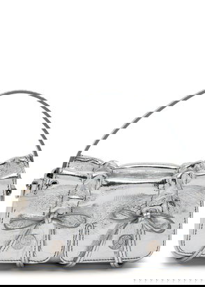 Acne Studios leather top handle bag. Logo-embossed top handle, detachable shoulder strap, designer-engraved hardware, heart hanging charm, ruched details with bow trims, slip pocket at back, two internal card slots, fully lined. Concealed magnetic fastenings at flap front.
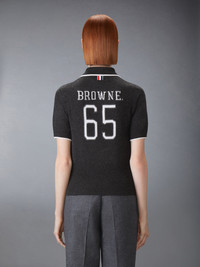 Featuring a sporty polo collar, this sweater pays homage to athletics, heritage, and craftsmanship. Bold Browne lettering and the number 65—a nod to Thom's birth year—are rendered in an iconic collegiate font, famously used at Notre Dame. Collegiate heritage is often associated with nostalgia and belonging, and it's deeply personal to Thom. This garment is not just a tribute to school pride but a symbol of the enduring desire to be part of something greater. Partial front button closure Buttoned side vents with signature striped grosgrain trim Signature striped grosgrain loop tab Model is 5'10" (178 cm), wearing size 40 100% Cashmere Made in Italy FKP127A-Y2001-025
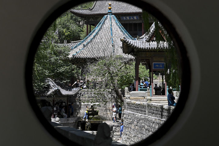 游客參觀晉祠聖母殿(2023年7月4日攝)。
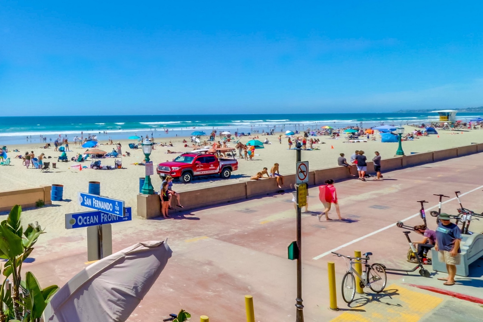 You can explore miles and miles of beaches along the oceanfront and bay front boardwalks, and Belmont Amusement Park with its famous wooden roller coaster, rides, and eateries is just steps away and makes for a wonderful family outing. The home is near grass parks, beach shops, and restaurants, and Mission Bay is just across the strand.
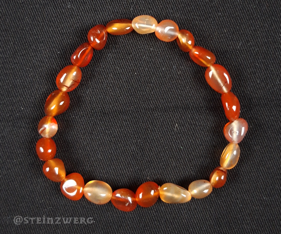 Armband aus getrommelten Karneol-Nuggets. Es handelt sich hierbei um ein Naturprodukt, welches in Form und Farbe variieren kann. Sie erwerben 1 Exemplar vergleichbarer Qualität.
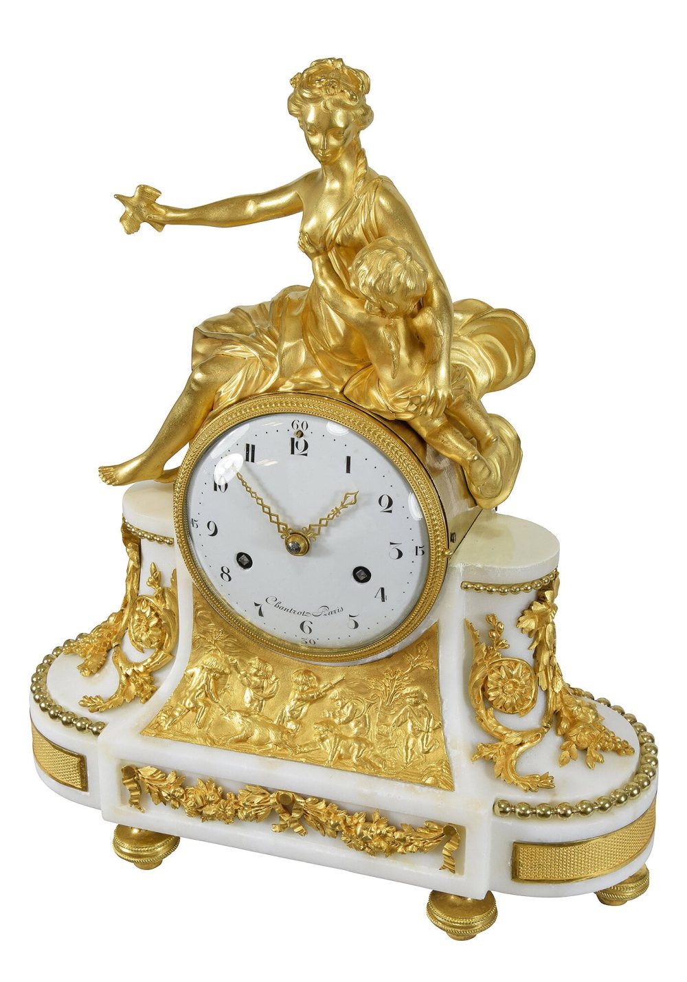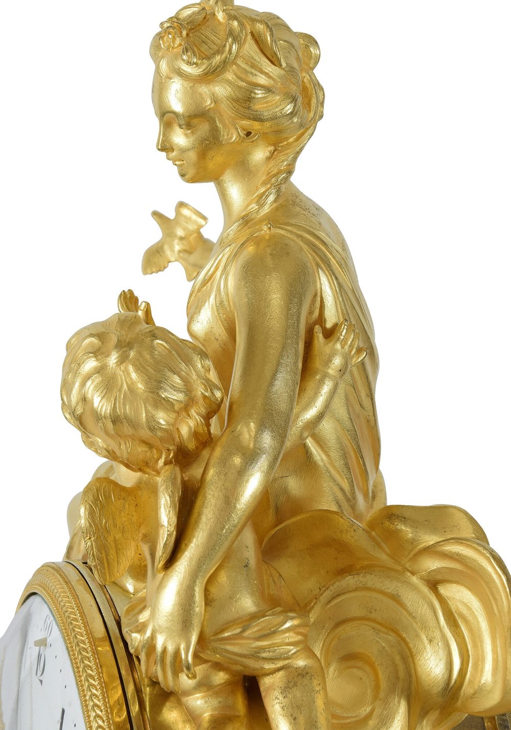 Magnifique pendule d’époque Louis XVI signé sur le cadran « Chantrot Paris ». Horloger répertorié dans le Tardy, dictionnaire des horlogers français. En bronze doré au mercure finement exécuté sur le thème d’une allégorie de la protection et de la paix à figure d’une très belle Vénus éloignant une colombe d’un angelot chasseur. ils reposent tous deux sur une nuée de nuage.
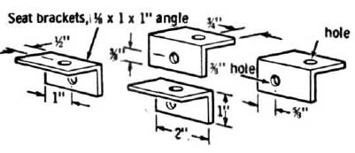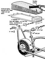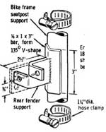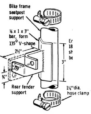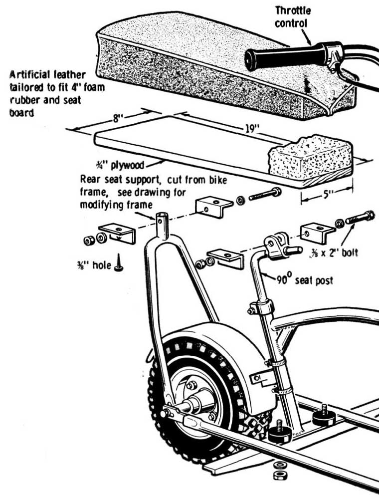 You can make your own two-passenger seat as shown in fig. 1, or buy one from the parts houses. The seat will mount in the rear to a support made from the rear fork (fig. 3) that was cut off the bike frame, or fabricated yourself. A 90 degree seat post, a stock bicycle item, is needed to move the front seat mount farther forward. If this is unavailable, improvise.
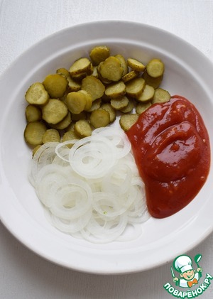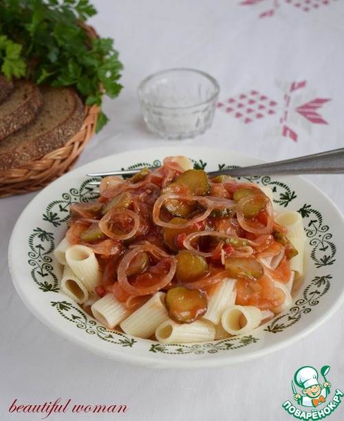 Пока варятся макароны, приготовим заправку: маринованные огурцы нарежем кружочками, лук тонко нашинкуем, добавим вкусный томатный соус и растительное масло. Перемешаем всю эту красоту, если нужно добавим сахар по вкусу.
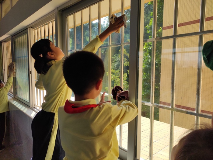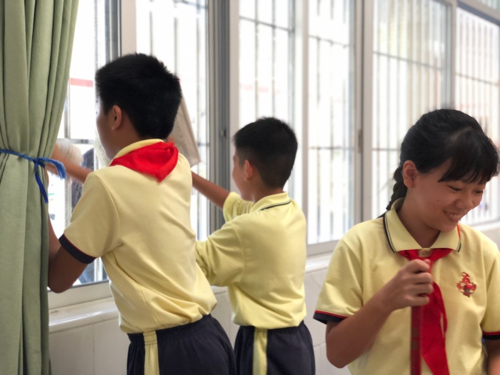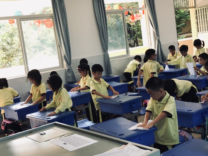為了讓課室和各個(gè)功能室有一個(gè)干凈的環(huán)境,同學(xué)們干起活來(lái)干勁十足。在班主任的指引下分工明確,同學(xué)們團(tuán)結(jié)協(xié)作,有的拿起掃把清理課室垃圾,有的拿著抹布和地拖清理窗戶(hù)和走廊,每個(gè)同學(xué)都非常賣(mài)力,尤其是低年級(jí)的小同學(xué),雖然他們年紀(jì)較小,但是干起活來(lái)一點(diǎn)都不怕累。由于進(jìn)行了加固工程,課室里的灰塵和雜物特別多,負(fù)責(zé)室場(chǎng)的老師也認(rèn)真地打掃衛(wèi)生。除了整理課室和功能室物品外,同學(xué)們還對(duì)校園里的每一個(gè)角落都進(jìn)行仔細(xì)的清潔,做到不留衛(wèi)生死角,校園內(nèi)到處呈現(xiàn)著熱火朝天的勞動(dòng)景象。經(jīng)過(guò)師生們的不懈努力,校園面貌煥然一新。坐在嶄新干凈整潔的辦公室和課室,師生們都露出滿(mǎn)意的笑臉。
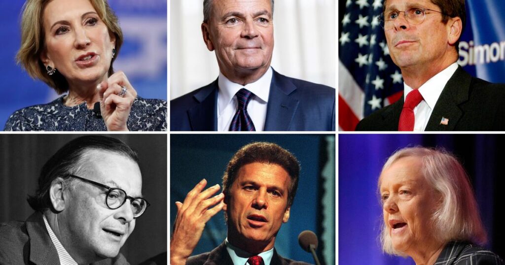 Over the past 50-plus years, a half-dozen fabulously wealthy men and women — William Matson Roth, Meg Whitman, Carly Fiorina among them — have clambered atop their hefty cash piles and, despite any significant political experience, tried to launch themselves into the office of governor or U.S. senator.
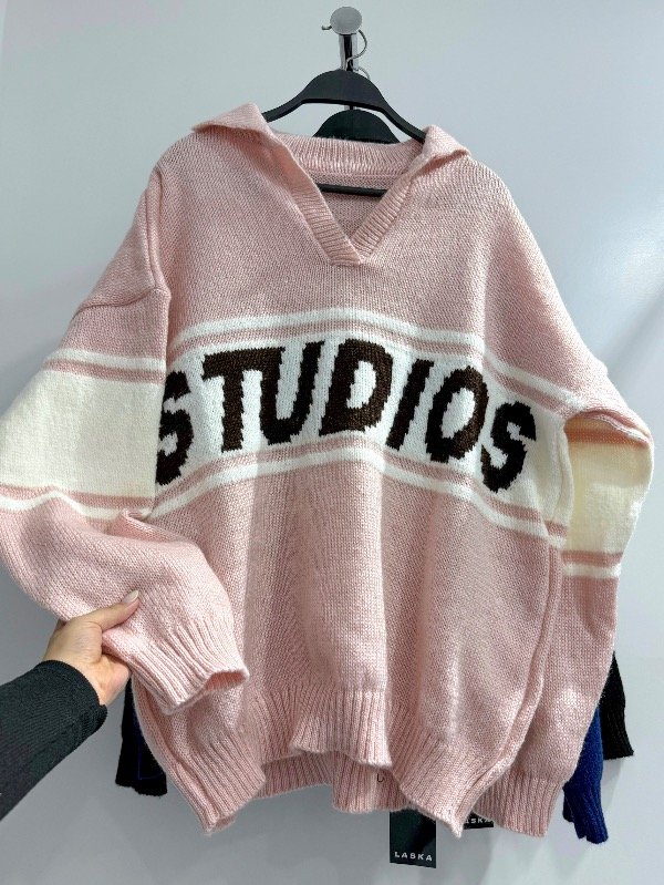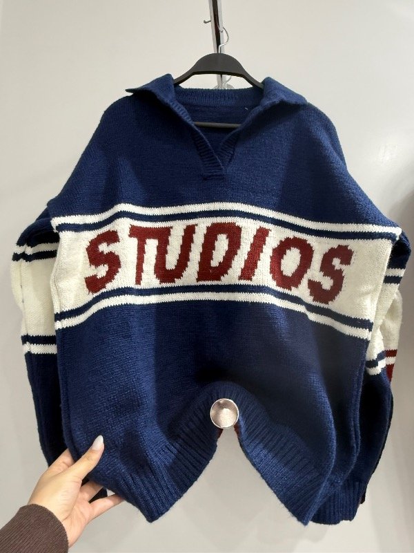 Sweater chomba de lanilla gruesa con estampa delantera. Talle único, abarca hasta un L
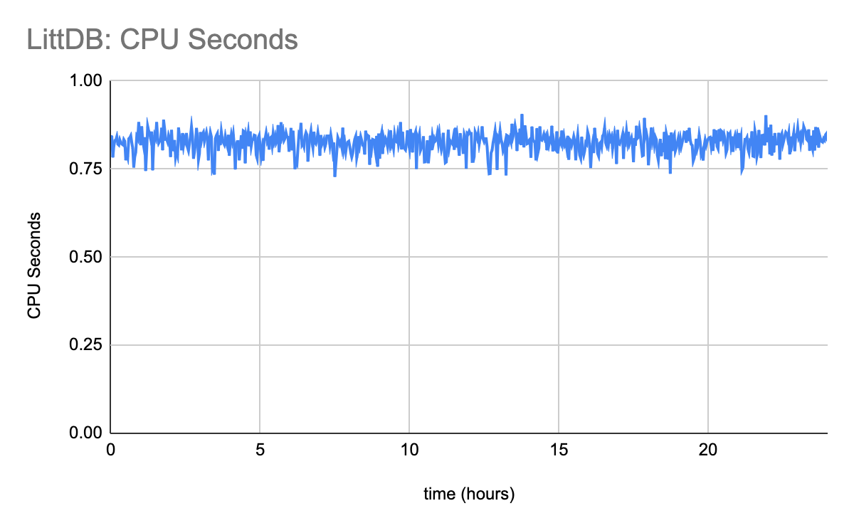 LittDB is very efficient in its use of memory. It’s important to point out that of the memory reported in the chart above, at least 1GB is being used by the benchmarking tool’s internal buffers, and is not directly related to LittDB’s use.
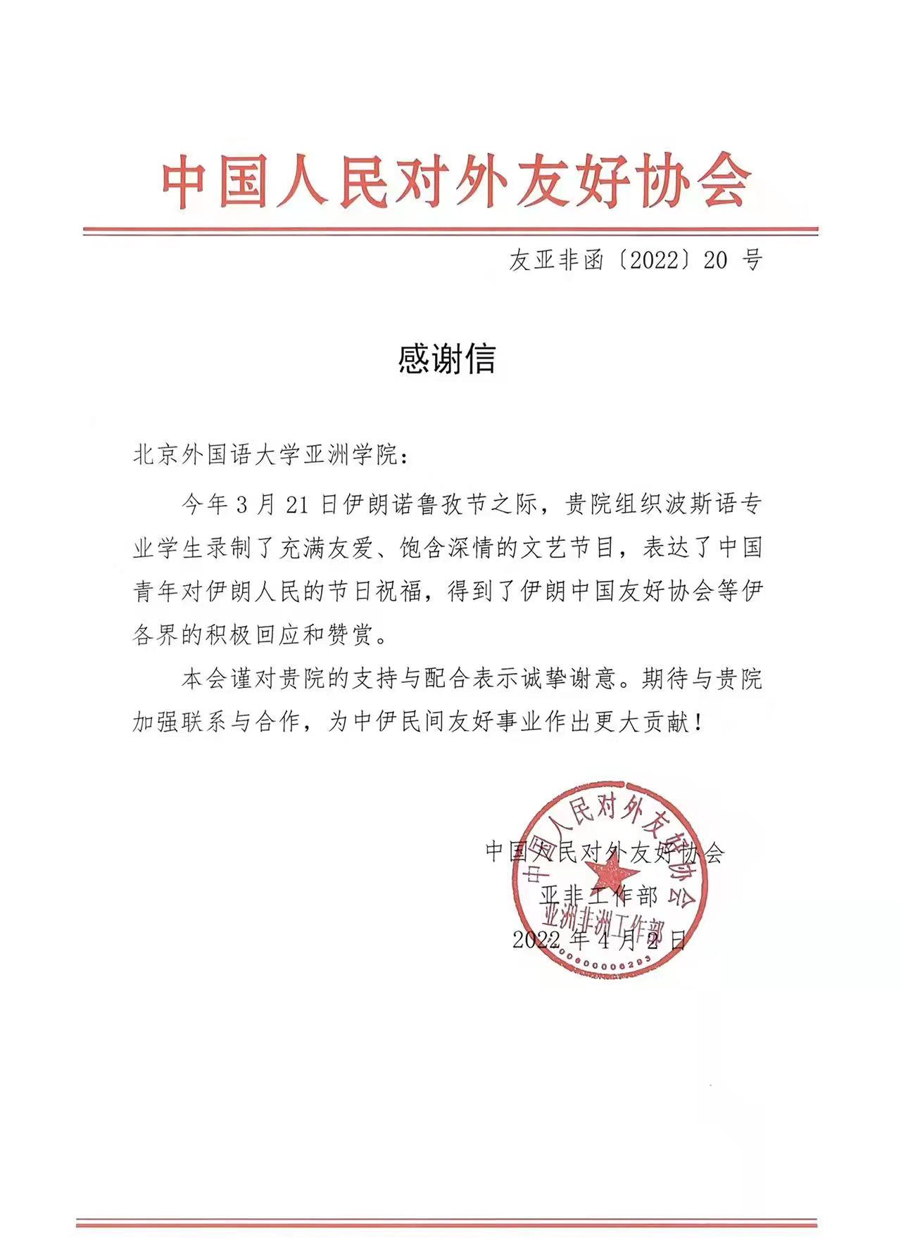 2022年4月2日,中国人民对外友好协会向开云kaiyun体育发来感谢信,对我院组织波斯语专业学生录制文艺节目一事表示诚挚谢意。

..............................

**Exercise requirements:** Please print the lines exactly, from the top of the material through the line with "游客參觀晉祠聖母殿(2023年7月4日攝)。", and omit the pictures.

**Exercise answer:**
 Acne Studios leather top handle bag. Logo-embossed top handle, detachable shoulder strap, designer-engraved hardware, heart hanging charm, ruched details with bow trims, slip pocket at back, two internal card slots, fully lined. Concealed magnetic fastenings at flap front.
 Featuring a sporty polo collar, this sweater pays homage to athletics, heritage, and craftsmanship. Bold Browne lettering and the number 65—a nod to Thom's birth year—are rendered in an iconic collegiate font, famously used at Notre Dame. Collegiate heritage is often associated with nostalgia and belonging, and it's deeply personal to Thom. This garment is not just a tribute to school pride but a symbol of the enduring desire to be part of something greater. Partial front button closure Buttoned side vents with signature striped grosgrain trim Signature striped grosgrain loop tab Model is 5'10" (178 cm), wearing size 40 100% Cashmere Made in Italy FKP127A-Y2001-025
 游客參觀晉祠聖母殿(2023年7月4日攝)。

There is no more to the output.